• _DATA LISTING_
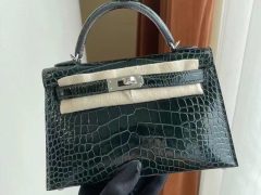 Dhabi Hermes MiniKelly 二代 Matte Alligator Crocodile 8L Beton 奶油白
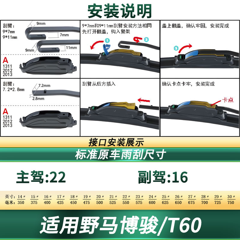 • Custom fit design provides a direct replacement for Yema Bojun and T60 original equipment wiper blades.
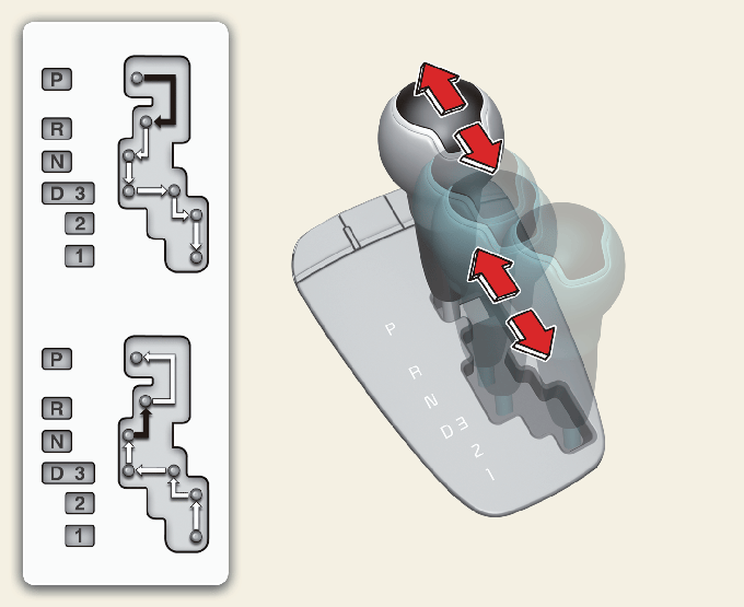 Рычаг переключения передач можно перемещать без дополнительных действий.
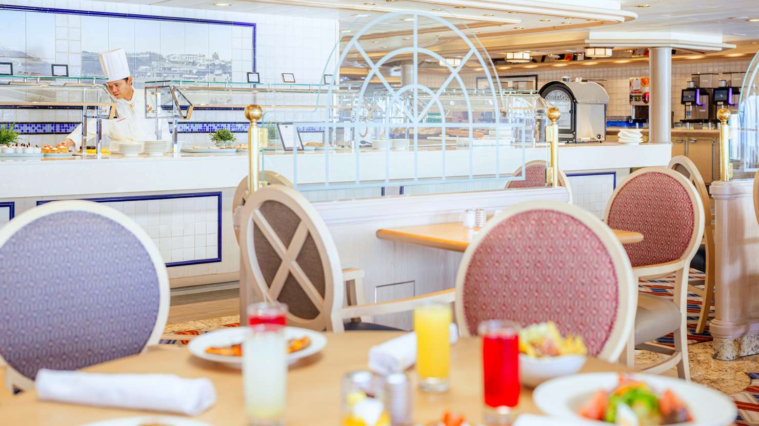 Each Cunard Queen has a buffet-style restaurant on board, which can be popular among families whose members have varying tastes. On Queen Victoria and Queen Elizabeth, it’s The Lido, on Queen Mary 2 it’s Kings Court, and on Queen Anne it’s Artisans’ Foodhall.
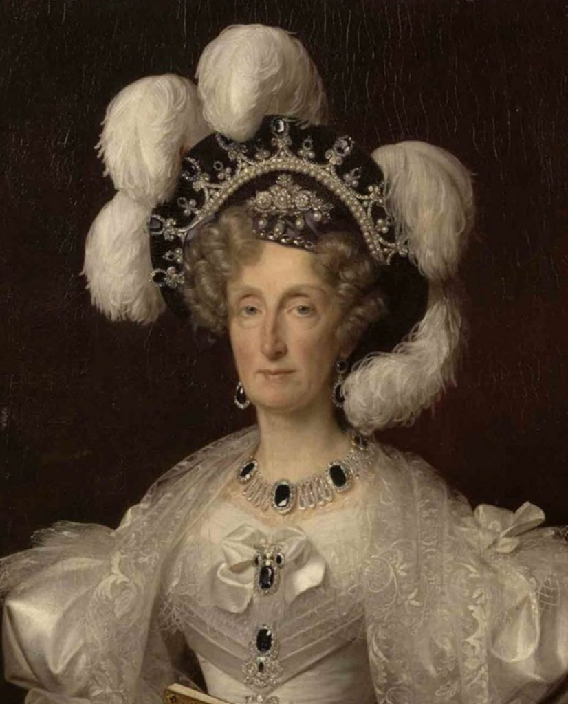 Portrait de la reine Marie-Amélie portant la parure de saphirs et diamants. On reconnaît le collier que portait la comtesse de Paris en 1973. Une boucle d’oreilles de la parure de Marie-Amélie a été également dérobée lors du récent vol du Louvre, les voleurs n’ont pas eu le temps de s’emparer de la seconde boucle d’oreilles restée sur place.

• _WHAT TO WORK ON_
Hand back the exact lines from the start of the entries to the line with "Рычаг переключения передач", both ends kept and pictures left out.

• _ANSWER TO THE PROBLEM_
 Dhabi Hermes MiniKelly 二代 Matte Alligator Crocodile 8L Beton 奶油白
 • Custom fit design provides a direct replacement for Yema Bojun and T60 original equipment wiper blades.
 Рычаг переключения передач можно перемещать без дополнительных действий.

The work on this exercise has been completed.